──────── GIVEN RECORDS ────────

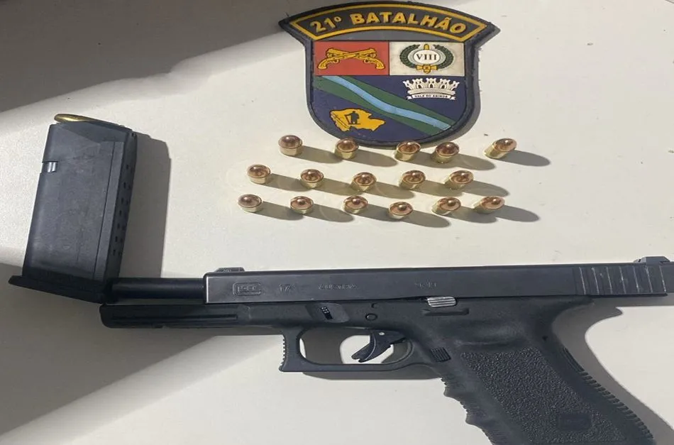 Durante a revista pessoal nos ocupantes e a busca no interior do veículo, os policiais localizaram uma pistola Glock 9x19mm, de origem austríaca, com a numeração suprimida.
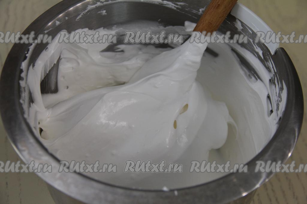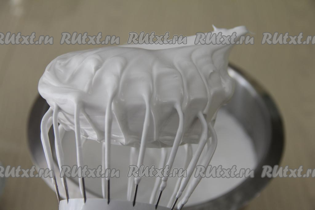 Взбивать минут 10 (до стойких пиков). Масса должна держать "клювик", как на фото.
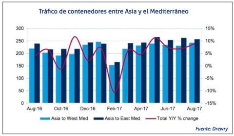 Por segundo año consecutivo, el comercio entre Asia y el Mediterráneo ha registrado un fuerte crecimiento de la demanda, superior a la existente entre el continente asiático y el norte de Europa, según recoge el último informe de la consultora Drewry.
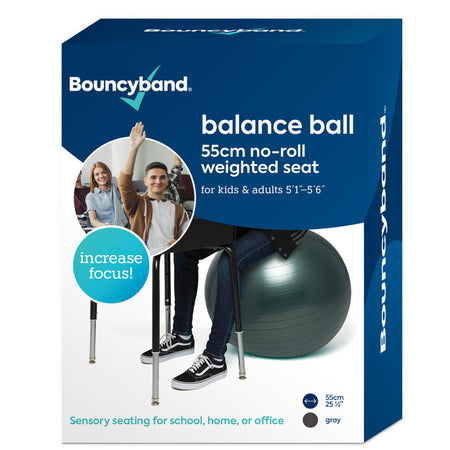 Non-roll away weighted balance ball offers a flexible chair for school and home enabling increased focus and improved performance. STAYS IN PLACE - Reduces fidgeting and increases concentration with an original weighting feature keeping it in place when not in use. INCREASE FOCUS - Keeps the mind engaged as the constant ball movement increases blood flow to the brain. STRESS RELIEF - Improves performance by providing an outlet for excess energy alleviating anxiety, stress and boredom. IMPROVES POSTURE - Builds core strength and a healthy posture. Recommended age 3+ years
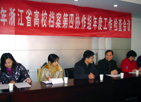 12月8日,2005年浙江省高校檔案第四協作組年度工作檢查會議在我校行政樓A313會議室召開。來自省教育廳檔案處、浙江大學檔案館、浙江工業大學檔案館以及省高校檔案第四協作組的專家與同行一行近20人參加了檢查會。我校分管檔案工作的領導陶偉華出席了會議。
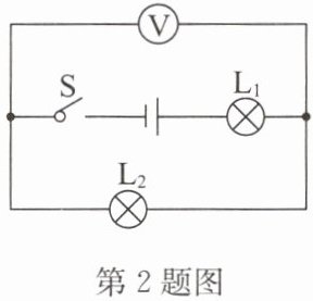 2. 如图所示,电源电压为9V且保持不变,当开关S闭合时,灯泡$L_{1}$、$L_{2}$均正常发光,电压表的示数为3V,则灯泡$L_{1}$两端的电压是
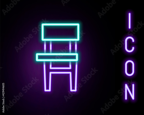 Glowing neon line Chair icon isolated on black background. Colorful outline concept. Vector

────────

**WHAT IS REQUIRED**
Write out the records in full and exactly, omitting the pictures they hold.

**TASK RESULT**
 Durante a revista pessoal nos ocupantes e a busca no interior do veículo, os policiais localizaram uma pistola Glock 9x19mm, de origem austríaca, com a numeração suprimida.
 Взбивать минут 10 (до стойких пиков). Масса должна держать "клювик", как на фото.
 Por segundo año consecutivo, el comercio entre Asia y el Mediterráneo ha registrado un fuerte crecimiento de la demanda, superior a la existente entre el continente asiático y el norte de Europa, según recoge el último informe de la consultora Drewry.
 Non-roll away weighted balance ball offers a flexible chair for school and home enabling increased focus and improved performance. STAYS IN PLACE - Reduces fidgeting and increases concentration with an original weighting feature keeping it in place when not in use. INCREASE FOCUS - Keeps the mind engaged as the constant ball movement increases blood flow to the brain. STRESS RELIEF - Improves performance by providing an outlet for excess energy alleviating anxiety, stress and boredom. IMPROVES POSTURE - Builds core strength and a healthy posture. Recommended age 3+ years
 12月8日,2005年浙江省高校檔案第四協作組年度工作檢查會議在我校行政樓A313會議室召開。來自省教育廳檔案處、浙江大學檔案館、浙江工業大學檔案館以及省高校檔案第四協作組的專家與同行一行近20人參加了檢查會。我校分管檔案工作的領導陶偉華出席了會議。
 2. 如图所示,电源电压为9V且保持不变,当开关S闭合时,灯泡$L_{1}$、$L_{2}$均正常发光,电压表的示数为3V,则灯泡$L_{1}$两端的电压是
 Glowing neon line Chair icon isolated on black background. Colorful outline concept. Vector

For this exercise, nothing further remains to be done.